## Required work:
Please copy exactly the part of the records below that opens with the line containing "ಅಪಘಾತ ತಪ್ಪಿಸಲು ಹೋಗಿ" and closes with the line containing "Angenehm leichter, weicher", leaving out any pictures.

BEGIN Data shown

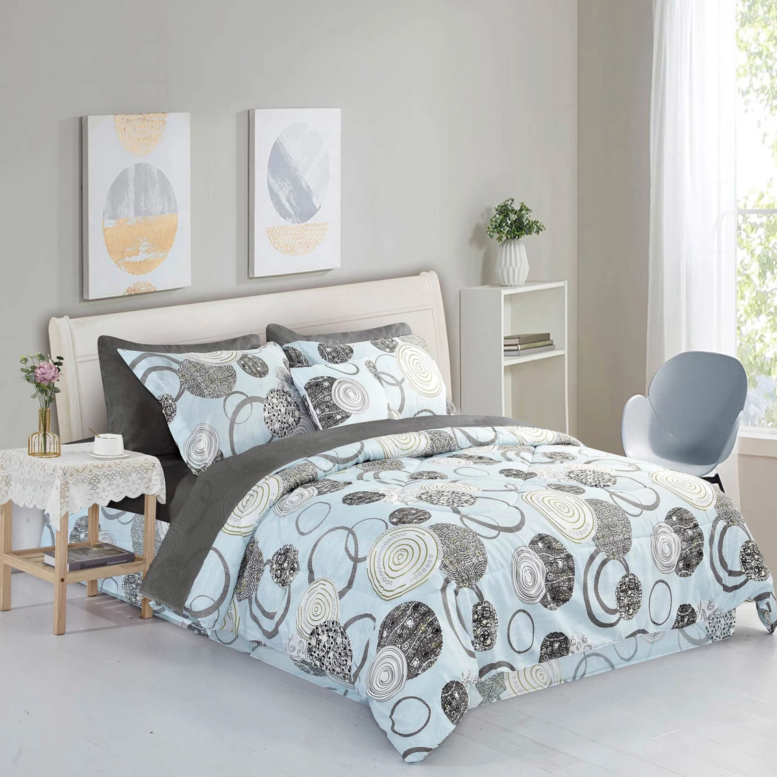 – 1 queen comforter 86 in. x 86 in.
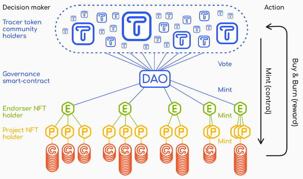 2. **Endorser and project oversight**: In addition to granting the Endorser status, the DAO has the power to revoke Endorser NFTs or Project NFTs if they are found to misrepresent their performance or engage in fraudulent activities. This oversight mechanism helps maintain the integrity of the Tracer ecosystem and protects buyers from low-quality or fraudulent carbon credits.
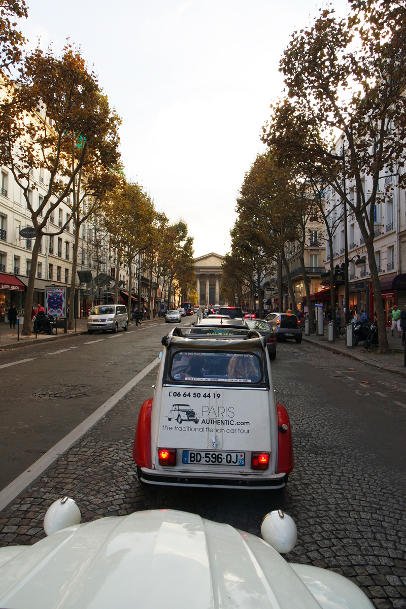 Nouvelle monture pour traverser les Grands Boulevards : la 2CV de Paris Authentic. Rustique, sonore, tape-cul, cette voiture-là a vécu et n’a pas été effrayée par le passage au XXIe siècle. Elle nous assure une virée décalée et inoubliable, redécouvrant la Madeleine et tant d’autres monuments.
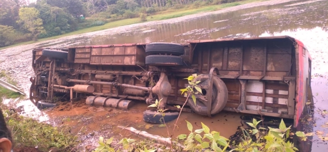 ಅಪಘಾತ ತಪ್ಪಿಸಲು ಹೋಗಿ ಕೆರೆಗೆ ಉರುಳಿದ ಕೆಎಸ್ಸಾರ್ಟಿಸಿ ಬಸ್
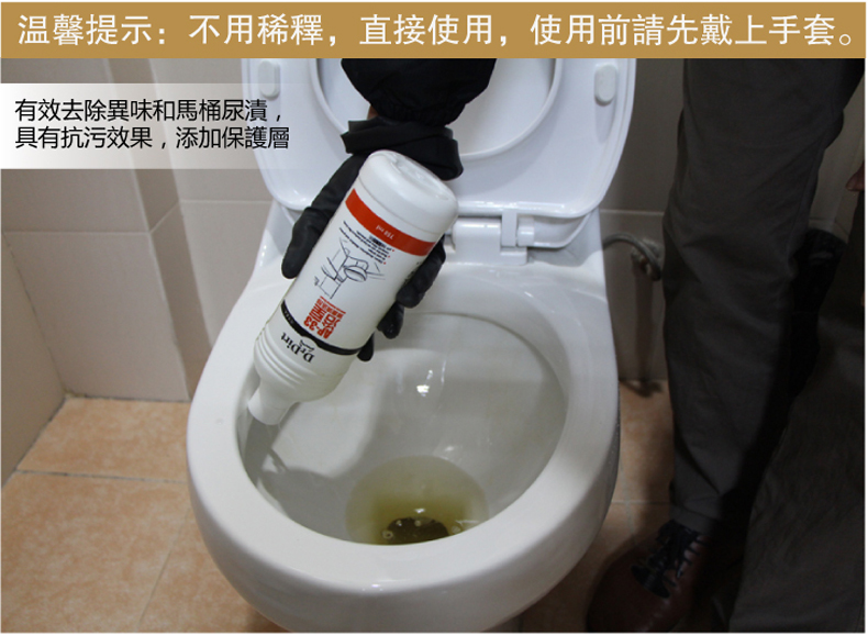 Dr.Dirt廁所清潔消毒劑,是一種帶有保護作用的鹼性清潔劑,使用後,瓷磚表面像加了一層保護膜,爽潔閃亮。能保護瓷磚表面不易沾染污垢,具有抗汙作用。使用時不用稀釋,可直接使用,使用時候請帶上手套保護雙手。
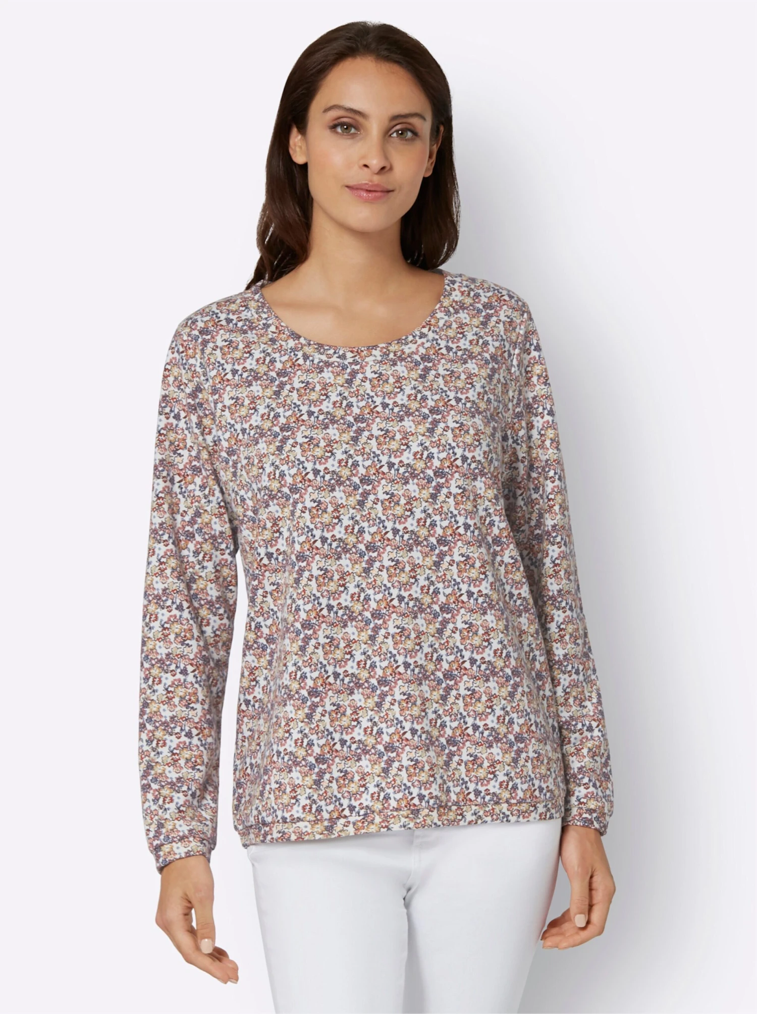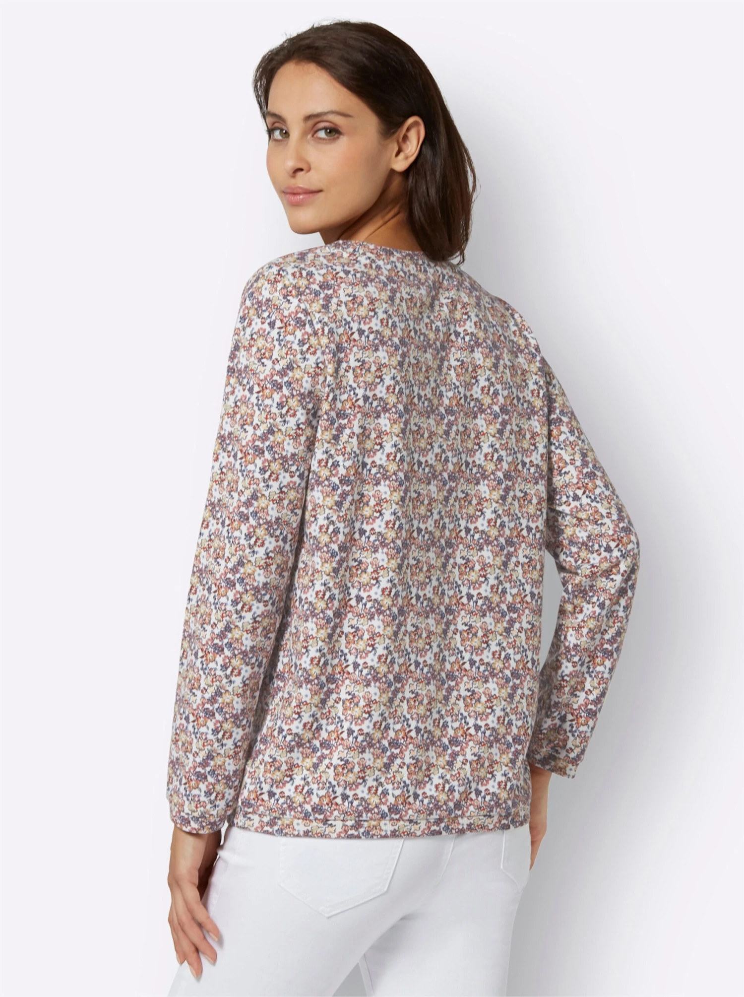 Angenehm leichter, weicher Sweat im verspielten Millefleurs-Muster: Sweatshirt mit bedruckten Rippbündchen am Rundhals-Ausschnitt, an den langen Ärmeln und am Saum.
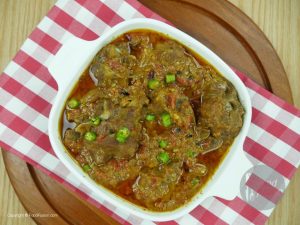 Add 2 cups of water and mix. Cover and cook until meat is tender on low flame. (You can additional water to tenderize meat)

END Data shown

## Result of this exercise:
 ಅಪಘಾತ ತಪ್ಪಿಸಲು ಹೋಗಿ ಕೆರೆಗೆ ಉರುಳಿದ ಕೆಎಸ್ಸಾರ್ಟಿಸಿ ಬಸ್
 Dr.Dirt廁所清潔消毒劑,是一種帶有保護作用的鹼性清潔劑,使用後,瓷磚表面像加了一層保護膜,爽潔閃亮。能保護瓷磚表面不易沾染污垢,具有抗汙作用。使用時不用稀釋,可直接使用,使用時候請帶上手套保護雙手。
 Angenehm leichter, weicher Sweat im verspielten Millefleurs-Muster: Sweatshirt mit bedruckten Rippbündchen am Rundhals-Ausschnitt, an den langen Ärmeln und am Saum.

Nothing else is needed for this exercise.